■ ASSIGNED TASK ■
Which lines run from the one containing "Environ dix minutes" through the end of the data? Write them out exactly, with the pictures left out.

■ PROVIDED MATERIAL ■

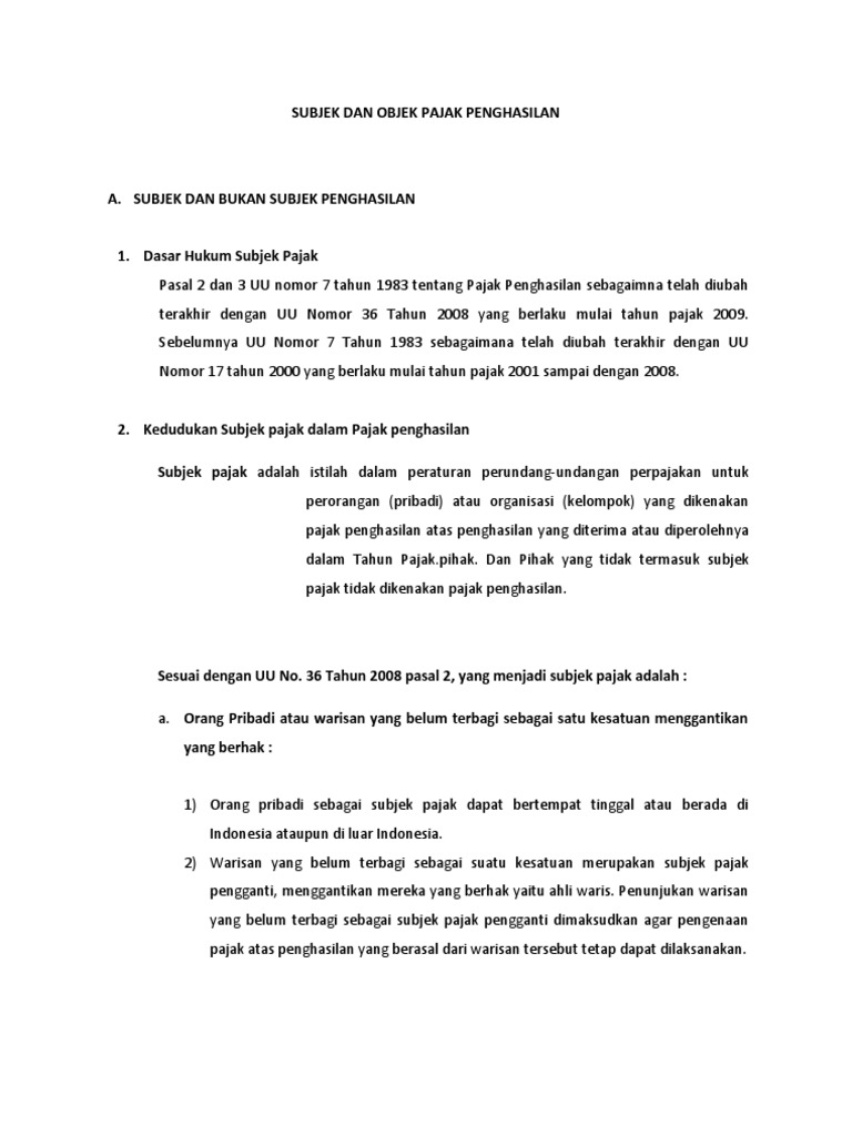 Subjek Pajak Penghasilan Orang Pribadi Badan Warisan Dan But
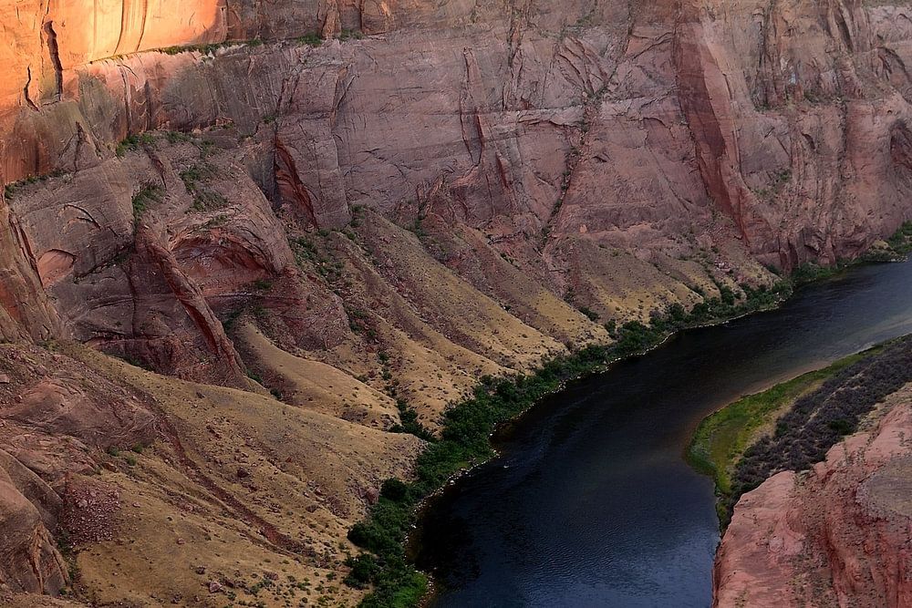 Environ dix minutes avant le coucher du soleil à Horseshoe Bend près de la ville de Page en Arizona, USA. La lumière du soleil brille encore abondamment sur les hautes falaises à gauche.
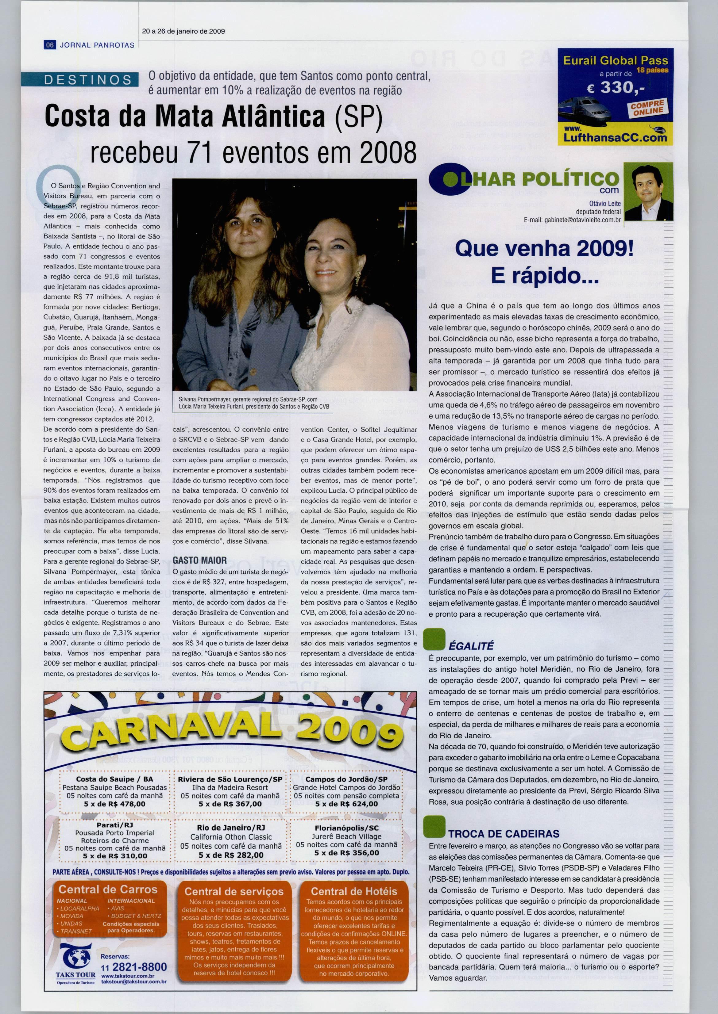 y Em2009, especialmente comos novos prefeitos, as secretarias deTu rismo poderiam termais dinheiro para investir em promoção, eventos, cap tação de divisas... Mão dá para serem apenas pastas que estão na moda e têm de abrigar afilhados políticos.

■ TASK RESULT ■
 Environ dix minutes avant le coucher du soleil à Horseshoe Bend près de la ville de Page en Arizona, USA. La lumière du soleil brille encore abondamment sur les hautes falaises à gauche.
 y Em2009, especialmente comos novos prefeitos, as secretarias deTu rismo poderiam termais dinheiro para investir em promoção, eventos, cap tação de divisas... Mão dá para serem apenas pastas que estão na moda e têm de abrigar afilhados políticos.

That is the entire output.